§ Recorded data
▼

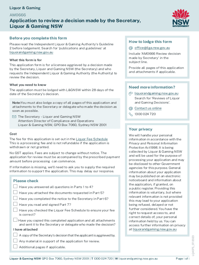 Liquor & Gaming AM0666Application to review a decision made by the Secretary, Liquor & Gaming NSW Before you complete this form Please read the Independent Liquor & Gaming Authorities Guideline 2
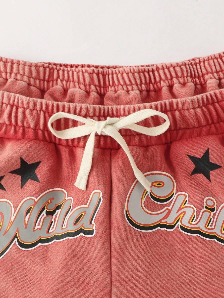 Street Life Pantalones cortos casuales de hombre con estampado de letras y llamas, doble capa y desgastados en la cintura
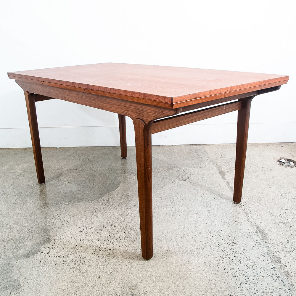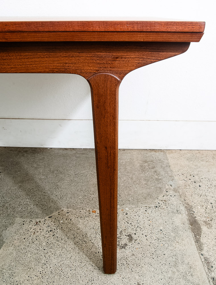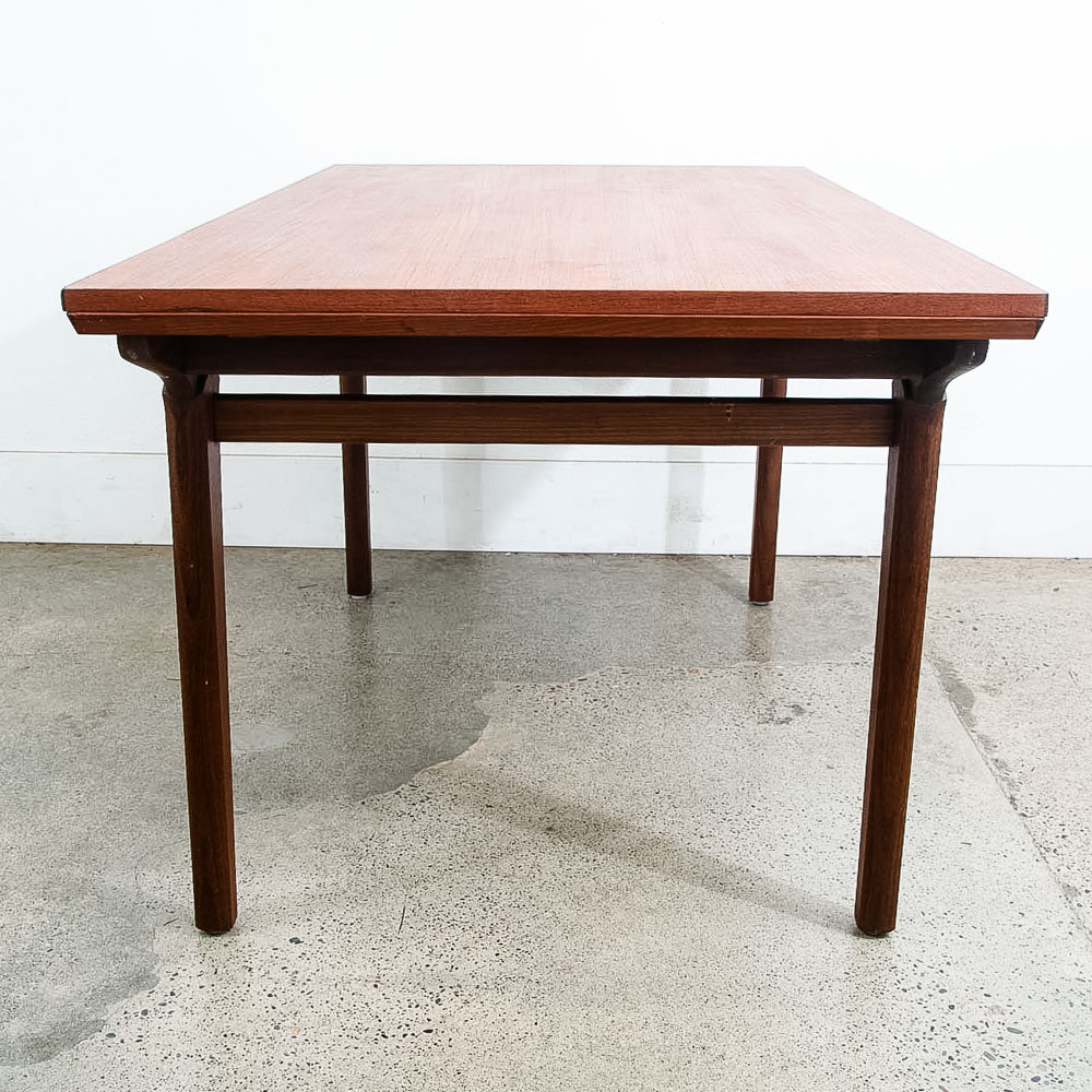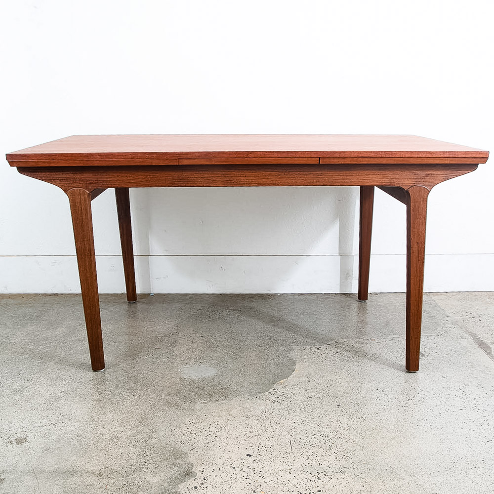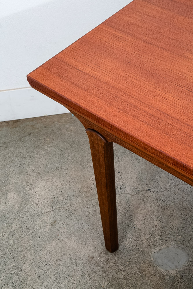 This is an excellent restored teak dining table, made in Denmark. It features two extendable draw leaves, that pull out to extend the table to 101" long. When not in use, the leaves slide under the table's deck and nest there visibly. No tools needed to convert it, no cumbersome leaves to store under the bed. Please see all photos to ensure you know what you are buying. We include FREE SHIPPING in the listing price. Some exceptions apply, so please read the full shipping details below.

▲

§ Work to be completed
Copy out the material above in full and exactly, but with no pictures.

§ Task response
 Liquor & Gaming AM0666Application to review a decision made by the Secretary, Liquor & Gaming NSW Before you complete this form Please read the Independent Liquor & Gaming Authorities Guideline 2
 Street Life Pantalones cortos casuales de hombre con estampado de letras y llamas, doble capa y desgastados en la cintura
 This is an excellent restored teak dining table, made in Denmark. It features two extendable draw leaves, that pull out to extend the table to 101" long. When not in use, the leaves slide under the table's deck and nest there visibly. No tools needed to convert it, no cumbersome leaves to store under the bed. Please see all photos to ensure you know what you are buying. We include FREE SHIPPING in the listing price. Some exceptions apply, so please read the full shipping details below.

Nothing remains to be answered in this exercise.